SEAN DILLER, an Infant, by His Mother and Natural Guardian, JENNIFER TRELLES, Appellant, v ANDREI MUNZER, M.D., et al., Defendants, and ST. LUKE’S CORNWALL HOSPITAL, Respondent.
Appellate Division of the Supreme Court of New York, Second Department
[34 NYS3d 610]
Ordered that the appeal from the order dated September 11, 2014, is dismissed; and it is further,
Ordered that the appeal from so much of the order dated January 28, 2015, as, in effect, denied that branch of the plaintiff’s motion which was denominated as one for leave to renew and reargue, but which was, in actuality, one for leave to reargue is dismissed; and it is further,
Ordered that the order dated January 28, 2015, is affirmed insofar as reviewed; and it is further,
Ordered that one bill of costs is awarded to the defendant St. Luke’s Cornwall Hospital.

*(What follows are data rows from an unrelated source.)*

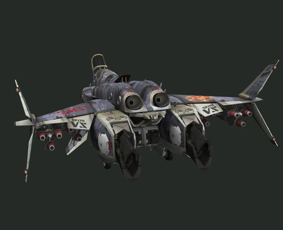 The revision of one of the Enigma paint schemes for Burning Bushes team, previously shown as a Battroid, this time in Fighter mode.
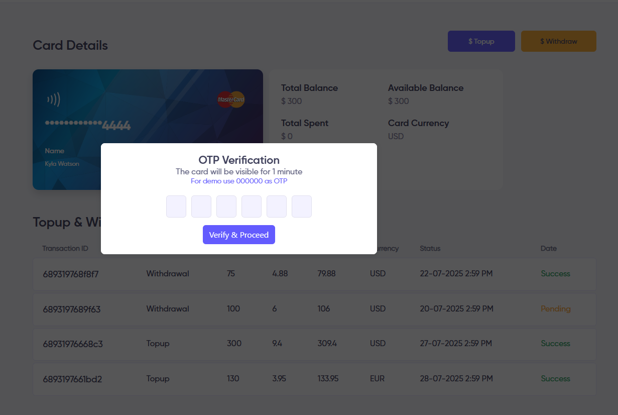 To view the card number, click on the eye icon on the card body. A verification code will be sent to the user's registered email. The user must then enter this code in the OTP Verification form. Once verified, the card details will be visible for a limited time.
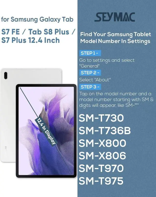 COMPATIBILITY- ONLY Fit for 12.4 Inch Samsung Galaxy Tab S7 FE 2021 (Model: SM-T730/T733/T736/T738), Tab S8 Plus 2022 (Model: SM-X800/X806), and Galaxy Tab S7 Plus 2020 (Model: SM-T970/T975/T976/T978). Please confirm the model before purchase.
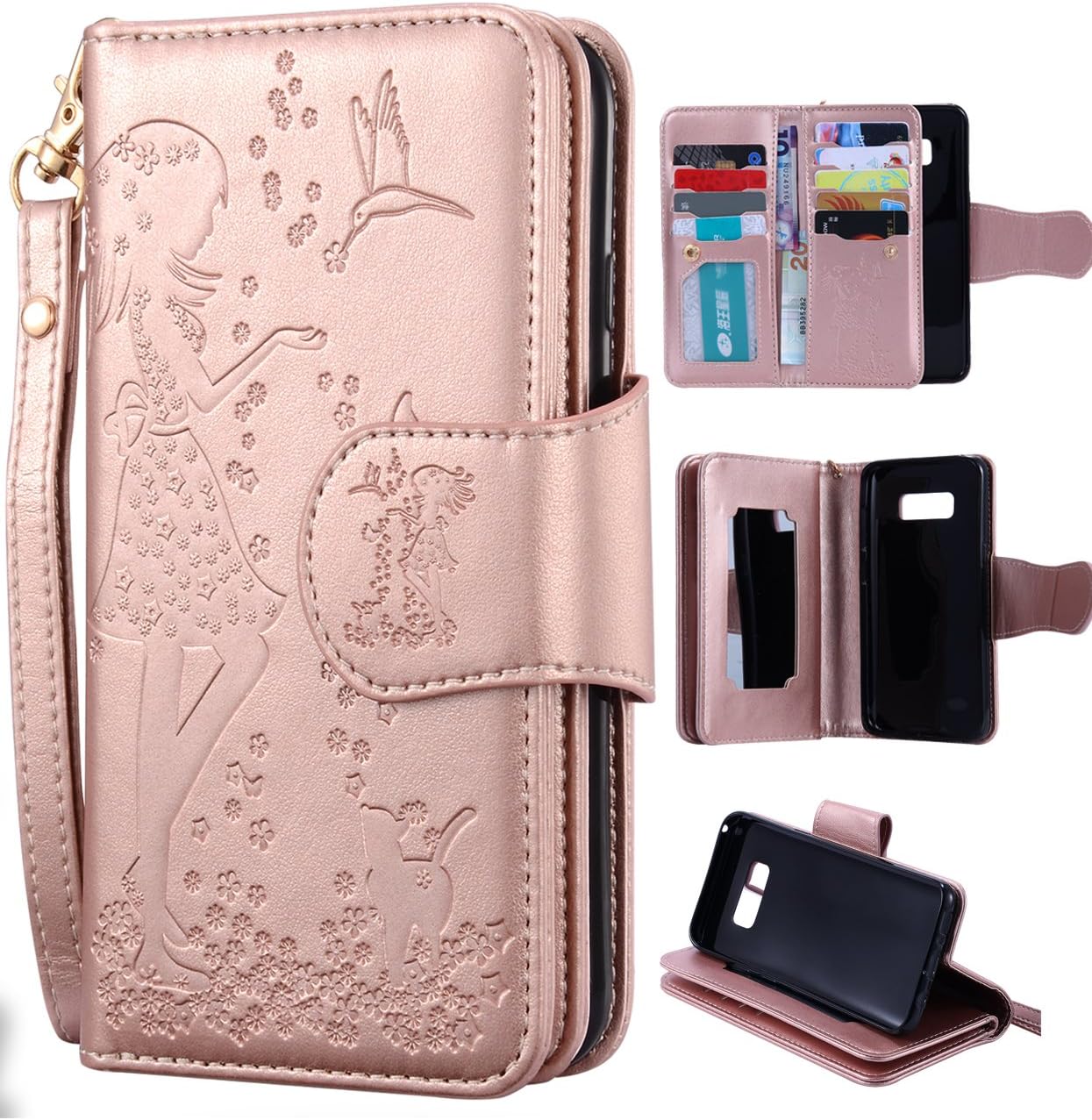 Amazon Com Samsung S8 Case Galaxy S8 Wallet Case Flyee 9 Card Slot Pu Leather Magnetic Protective Cover With Mirror And Detachable Wrist Strap For Samsung Galaxy S8 5 8 Inch Rose Gold Electronics
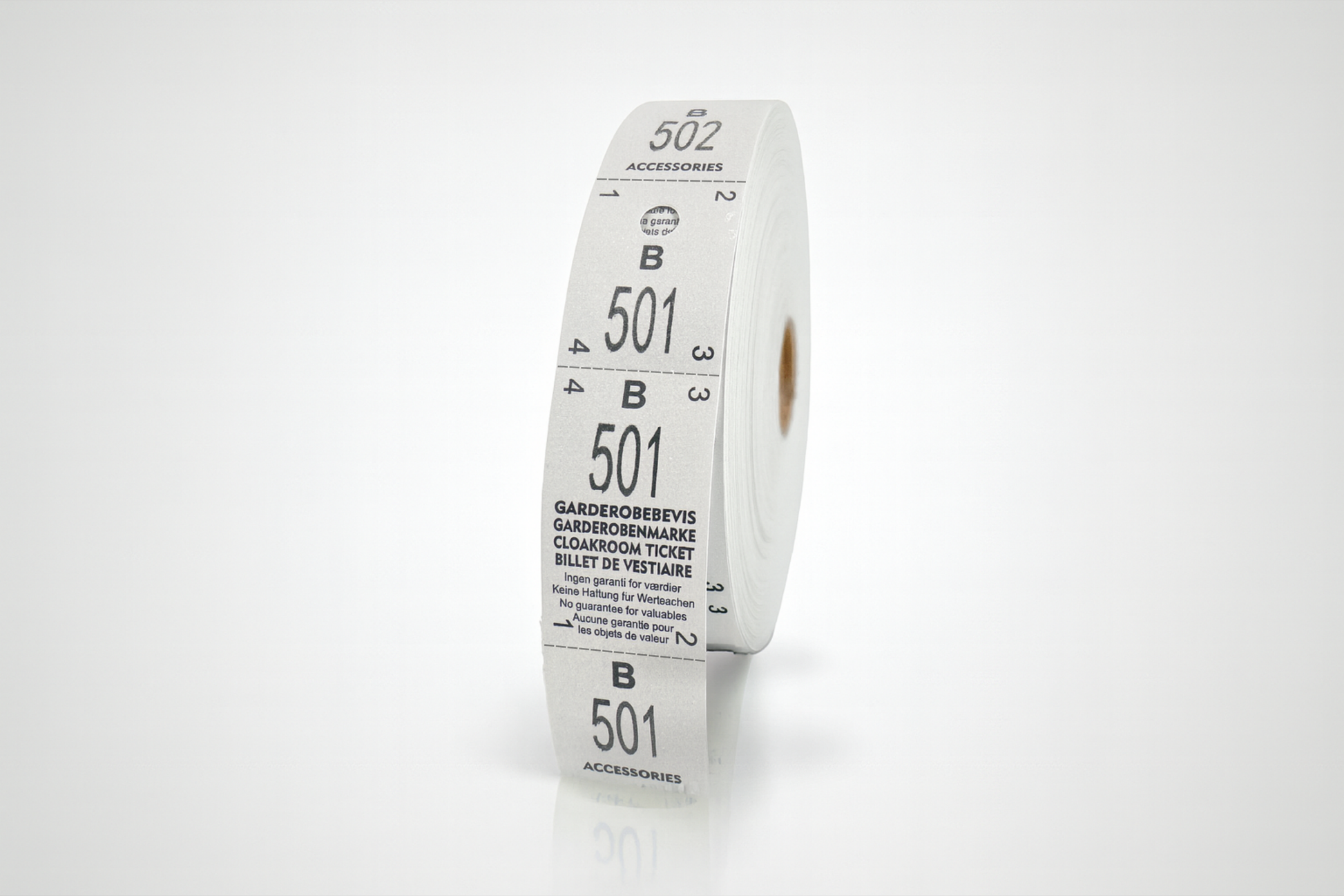 Svaka oznaka ima tri identična broja: jedan za gosta, jedan za odjeću i kontrolni broj za osoblje. To osigurava dodatnu sigurnost i jednostavnu organizaciju. Isporučuje se u pakiranjima od 500.

The appeal from the order dated September 11, 2014 must be dismissed. So much of that order as precluded the plaintiff
The appeal from so much of the order dated January 28, 2015, as, in effect, denied that branch of the plaintiff’s motion which was denominated as one for leave to renew and reargue his opposition to that branch of the hospital’s motion which was for summary judgment dismissing so much of the complaint as alleged that the hospital was vicariously liable for the acts or omissions of any member of its nursing staff also must be dismissed (see Maragliano v Port Auth. of N.Y. & N.J., 119 AD3d 534, 536 [2014]; Poulard v Judkins, 102 AD3d 665, 665-666 [2013]). Although this branch of the plaintiff’s motion was denominated as one for leave to renew and reargue, it was, in actuality, one for leave to reargue, the denial of which is not appealable (see Maragliano v Port Auth. of N.Y. & N.J., 119 AD3d at 536; Poulard v Judkins, 102 AD3d at 665-666).
Contrary to the plaintiff’s contention, the Supreme Court providently exercised its discretion in denying that branch of his motion which was for leave to serve a second amended bill of particulars (see Balcom v Reither, 77 AD3d 863, 864 [2010]; Sampson v Contillo, 55 AD3d 591, 592 [2008]).
We do not consider the plaintiff’s contentions with respect to that branch of the hospital’s motion which was for summary judgment dismissing so much of the complaint as alleged that the hospital was vicariously liable for the acts or omissions of any member of its nursing staff, as the order dated September 11, 2014 did not grant that branch of the hospital’s motion (see Scalise v Adler, 267 AD2d 295, 295 [1999]; Rockland Props. Corp. v Town of Brookhaven, 205 AD2d 518, 519 [1994]).
Mastro, J.P., Chambers, Miller and Hinds-Radix, JJ., concur.